**Record set:**

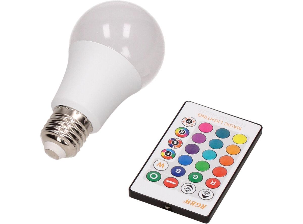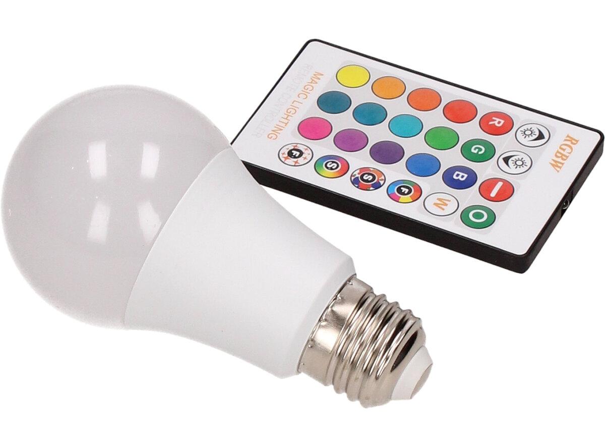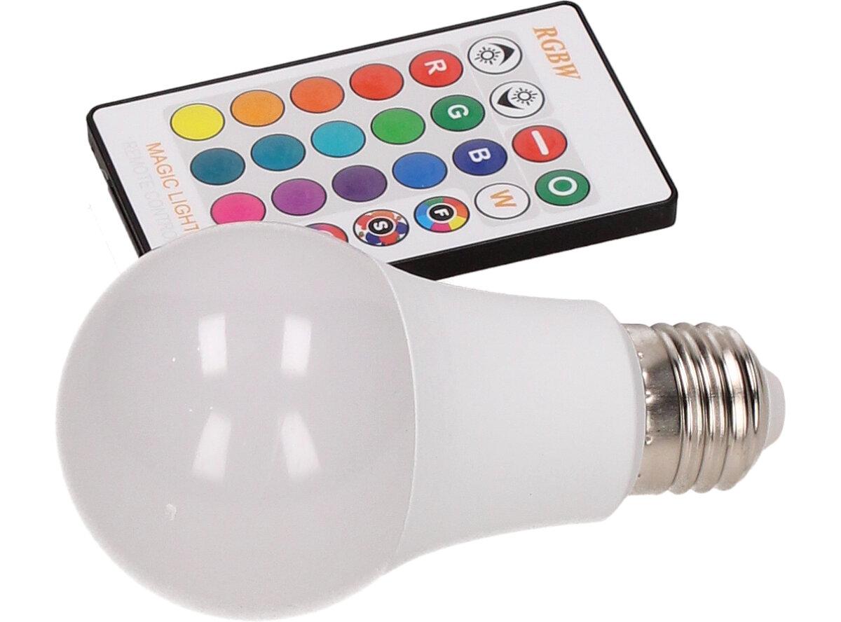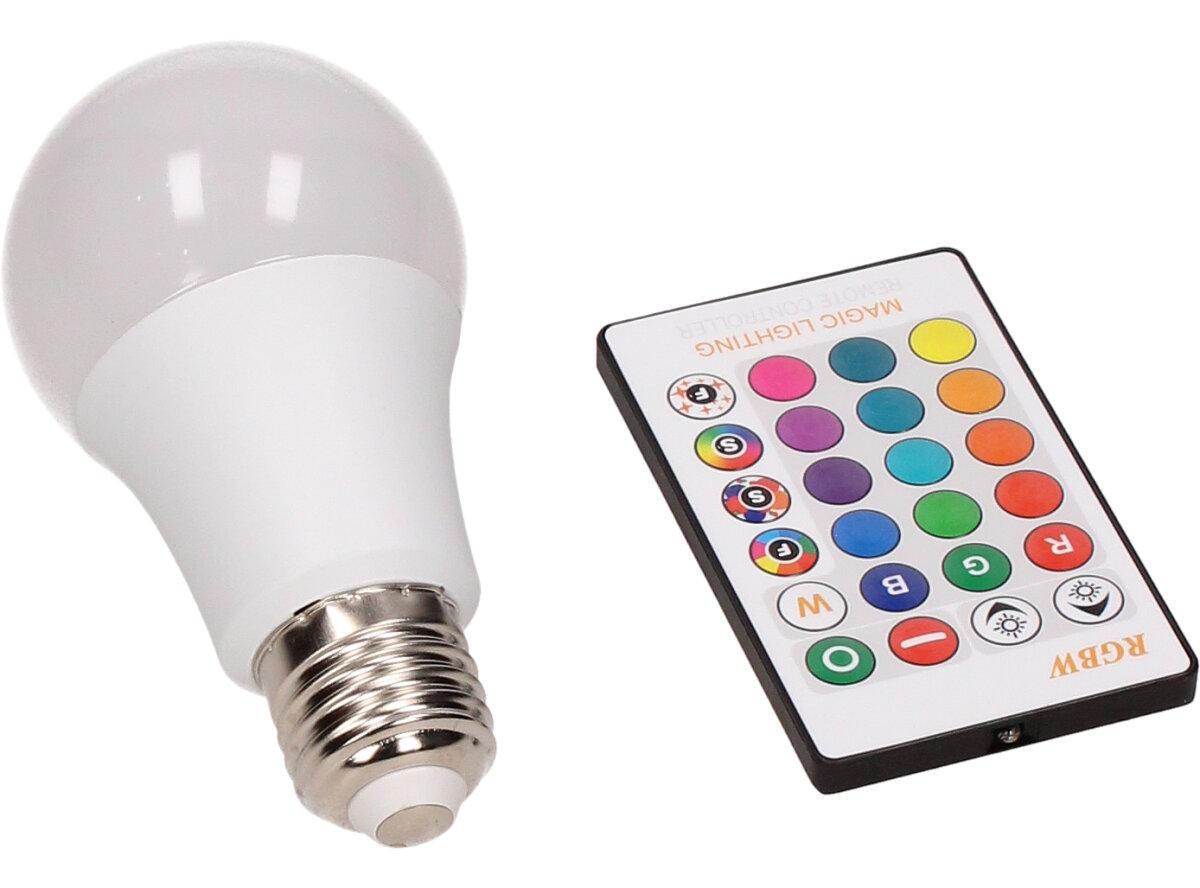 LED žárovka se zabudovaným RGB čipem, u níž je za pomoci dálkového ovládače možné měnit barvy svícení je u mnoho lidí hitem! Je možné nastavit 16 různých barev a 4 světelné efekty, navíc je možné nastavovat i intenzitu svícení. Dosah ovladače je asi 6m. Tato žárovka je vybavena plastovou konstrukcí, která zajišťuje delší životnost. LED RGB žárovka 15W na dálkové ovládání má klasický tvar a nejpoužívanější závit E27.
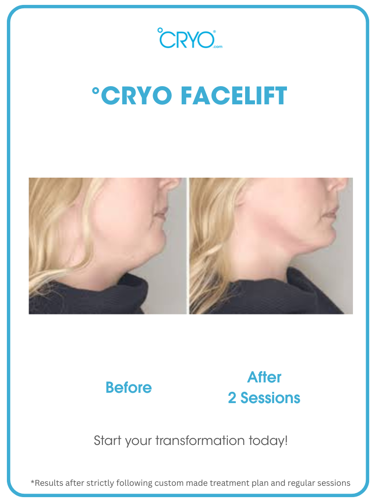 Say goodbye to sagging skin, puffiness, and double chin. Our °CRYO FaceLift uses advanced cold therapy to:
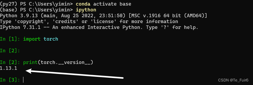 或者更加简单粗暴的方式,关闭这个控制台,重新开一个,打开默认进入到base中
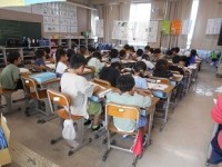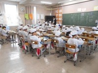 2年生の朝の様子です。しっかりと先生の話を聞くことができています。
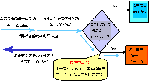 然而,如果判斷過程是根據(jù)功率電平的相對(duì)差異來進(jìn)行的(而不是絕對(duì)差異),測量結(jié)果將更為準(zhǔn)確。通過在靜音期間測量兩個(gè)傳輸方向上的線路功率電平,就能得知相對(duì)的功率電平差異。使用在靜音期間獲得的信息,在分類信號(hào)前(即決定信號(hào)是聲學(xué)回聲還是有效語音),對(duì)呼叫兩端的功率電平差異進(jìn)行修正,就能更加準(zhǔn)確地了解相對(duì)信號(hào)強(qiáng)度。該方法稱為智能語音檢測,它能顯著降?quot;錯(cuò)誤類型1"出現(xiàn)的可能性,如圖9所示。注意,在分析該方法時(shí),請(qǐng)比對(duì)圖5和圖9。
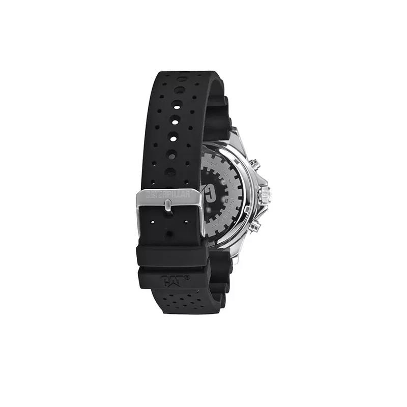 ساعت کاترپیلار مدل PZ.149.21.128 از نظر طراحی، کاملاً وفادار به هویت صنعتی و اسپرت برند کاترپیلار است. قاب ساعت با قطر 44.5 میلیمتر و ضخامت 12 میلیمتر، ابعادی متعادل و خوشفرم دارد که بهخوبی روی مچ دست قرار میگیرد و جلوهای قدرتمند اما نه بیش از حد بزرگ ایجاد میکند. شکل قاب گرد بوده و طراحی آن برای استفاده طولانیمدت بسیار مناسب است.
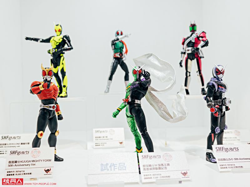《假面騎士》主題區展示了 S.H.Figuarts 系列「假面騎士DEMONS 蜘蛛基因組」、「假面騎士EVIL 蝙蝠/胡狼基因組」,超帥的「假面騎士W 王牌旋風形態 風都偵探動畫化紀念版」、「全開凱薩」......等新作。
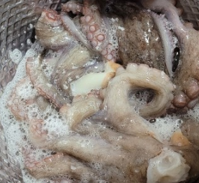 3번 반복하면 문어 다리가 이쁘게 됩니다. 너무 오래 삶으면 질기게 되므로
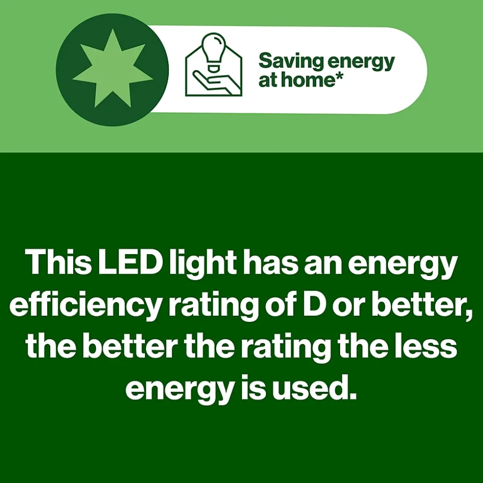 - Cette ampoule LED a une classe énergétique D ou supérieure. Plus la classe énergétique est élevée, plus la consommation d’énergie est faible. Plus d’informations sur castorama.fr/green-star
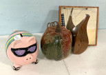 842 Ceramic Piggy Bank, Pumpkin, Wood, and Mirror
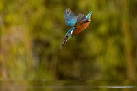 De ijsvogel het mooiste vogeltje van Nederland in volle vlucht op weg naar het visje dat onderwater gevangen wordt door de ijsvogel. Hij vangt de vis met de snavel wat opzicht erg bijzonder is omdat hij de breking van het water weet en zo nooit mist. De fel blauwe en oranje kleur is kenmerkend voor dit mooie vogeltje.
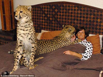 中新網7月3日電 據英國媒體報道,南非一名46歲女子在家中養(yǎng)了4只印度豹、5只獅子和2只老虎,她與它們同吃同住親密無間,甚至晚上睡覺時也同這些伙伴躺在一張床上。

**Task item:**
Pictures are not part of the copy. Extract exactly the lines from the line containing "蝙蝠/胡狼基因組」,超帥的「假面騎士W 王牌旋風形態 風都偵探動畫化紀念版」、「全開凱薩」......等新作。" through the final line of the entries above, both included.

**Finished task:**
《假面騎士》主題區展示了 S.H.Figuarts 系列「假面騎士DEMONS 蜘蛛基因組」、「假面騎士EVIL 蝙蝠/胡狼基因組」,超帥的「假面騎士W 王牌旋風形態 風都偵探動畫化紀念版」、「全開凱薩」......等新作。
 3번 반복하면 문어 다리가 이쁘게 됩니다. 너무 오래 삶으면 질기게 되므로
 - Cette ampoule LED a une classe énergétique D ou supérieure. Plus la classe énergétique est élevée, plus la consommation d’énergie est faible. Plus d’informations sur castorama.fr/green-star
 842 Ceramic Piggy Bank, Pumpkin, Wood, and Mirror
 De ijsvogel het mooiste vogeltje van Nederland in volle vlucht op weg naar het visje dat onderwater gevangen wordt door de ijsvogel. Hij vangt de vis met de snavel wat opzicht erg bijzonder is omdat hij de breking van het water weet en zo nooit mist. De fel blauwe en oranje kleur is kenmerkend voor dit mooie vogeltje.
 中新網7月3日電 據英國媒體報道,南非一名46歲女子在家中養(yǎng)了4只印度豹、5只獅子和2只老虎,她與它們同吃同住親密無間,甚至晚上睡覺時也同這些伙伴躺在一張床上。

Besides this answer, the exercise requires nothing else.